Buffer management is the provision of a uniform mechanism to allocate, manipulate and free buffers within the system. Allocation involves obtaining the buffer from the global buffer pool. Manipulation includes copying data to a buffer, copying data from a buffer, deleting data from anywhere in the buffer-beginning, middle, or end, concatenating two buffers, duplicating buffers, and so on. Freeing buffers returns the buffers to the global pool so that they can be allocated by other tasks or modules.

6.1.1 Global Buffer Management

Global buffer management uses a single pool for all buffers in the system. This is a common approach in communications systems, where a buffer pool is built out of a pre-designated memory area obtained using partition allocation calls. The number of buffers required in the system is the total of the individual buffer requirements for each of the modules. The advantage of a global pool is that memory management is easier, since the buffer pool size can be increased whenever a new module is added.

The use of a global pool leads to a lack of isolation between modules. An errant or buggy module could deplete the global buffer pool, impacting well-behaved modules. Assume that Modules A, B, and C run three different protocols but use the same global buffer pool. Also, assume that Module A does not release any of the buffers it allocates, thus slowly depleting the buffer pool. Eventually Modules B and C will have their buffer allocations fail and cease operation.

6.1.2 Local Buffer Management

In local buffer management, each module manages its own buffers. The advantage is that buffer representation and handling is independent of the other modules. Consider a module which requires routines only for buffer allocation and release but not other routines such as those for buffer concatenation. In this case, it can have its own 'private' buffer management library without the more complex routines. Each module can have the most efficient buffer management library for its operation.

While this provides flexibility, it requires some care at the interface between modules since the representations must be mapped. Moreover, the designer will not have a uniform view of the buffer requirements for the entire system. For these reasons, buffer management libraries are usually global, while buffers themselves can be allocated at either the global or local level.

Third-Party Protocol Libraries

It may not always be possible to design a uniform buffer management library for the entire system. A system may be built with protocol libraries licensed from third-party protocol stack vendors. These vendors could provide their libraries as source or object code. If the libraries are available as only object code, communications system designers do not have visibility into the buffer management scheme of the protocol library. They are aware only of the set of interfaces for data exchange with the protocol module and will use them for buffer interchange.

If the protocol libraries are standard, the interfaces are simplified. For example, the mbuf library in Berkeley UNIX is a global library available to multiple modules. This permits modules to exchange mbufs across their interfaces without the need for mapping.

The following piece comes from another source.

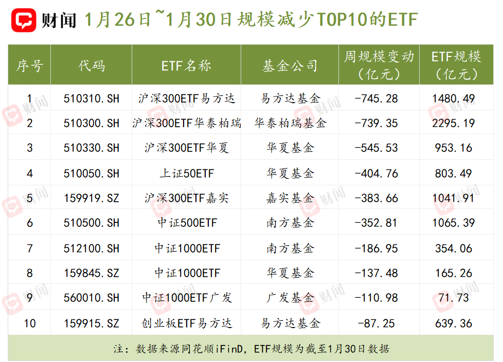 相比之下,宽基ETF则成为规模缩水最明显的类别。其中,沪深300ETF华泰柏瑞(510300.SH)在1月内规模从4000亿元级别大幅回落至2000亿元区间。截至1月30日,该基金规模为2295.1亿元,虽较月初明显下降,但仍稳居全市场首位,是目前唯一一只规模超过2000亿元的ETF产品。
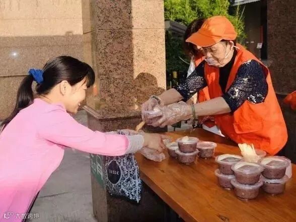 义工们每天奉送600多份爱心粥,两年来一共送出了40多万份,每一份都有义工们的爱和温暖。

6.1.3 Single versus Multiple Buffer Pools

Independent of whether we use global or local buffer management, we need to determine the buffer count and buffer size distribution. In a global buffer management scheme, there are two choices:

A single set of buffers, all the same size
Multiple buffer pools, with all buffers in each pool all the same size

Figure 6.1 illustrates this. In the first case, a single buffer pool is constructed out of the memory area, with the buffers linked to each other. Each buffer in the pool is of the same size (256 bytes). In the second, multiple buffer pools are created out of the memory area, with each buffer pool consisting of buffers of the same size (64, 128, 256 bytes). Note that the size of the memory and the number of buffers are only illustrative-there could be a large memory area segmented into 256-byte buffers or a small memory area segmented into 64- and 128-byte buffers.

click to expand
Figure 6.1: Single and Multiple Buffer Pools.

Single buffer pools are easier to manage, while multiple buffer pools can lower the wastage of memory, since the most appropriately sized buffer can be used for the specific frame.

6.1.4 Buffer Size

A rule of thumb for choosing the size of a buffer in the pool is to determine the most common data size to be stored in the buffer. Consider a Layer 2 switch. If the buffers in this device are most commonly used to store minimum-size Ethernet packets (sized 64 bytes), then choose a buffer size of 80 bytes (the extra bytes are for buffer manipulation and passing module information). With this method most frames are sent and received by the device without much buffer space waste. If the frame size exceeds 64 bytes, then multiple buffers are linked to each other in the form of a chain or a linked list to accommodate the additional bytes. The resulting structure is often called a buffer chain. Popular buffer schemes like the mbuf library used in Berkeley UNIX follow this format.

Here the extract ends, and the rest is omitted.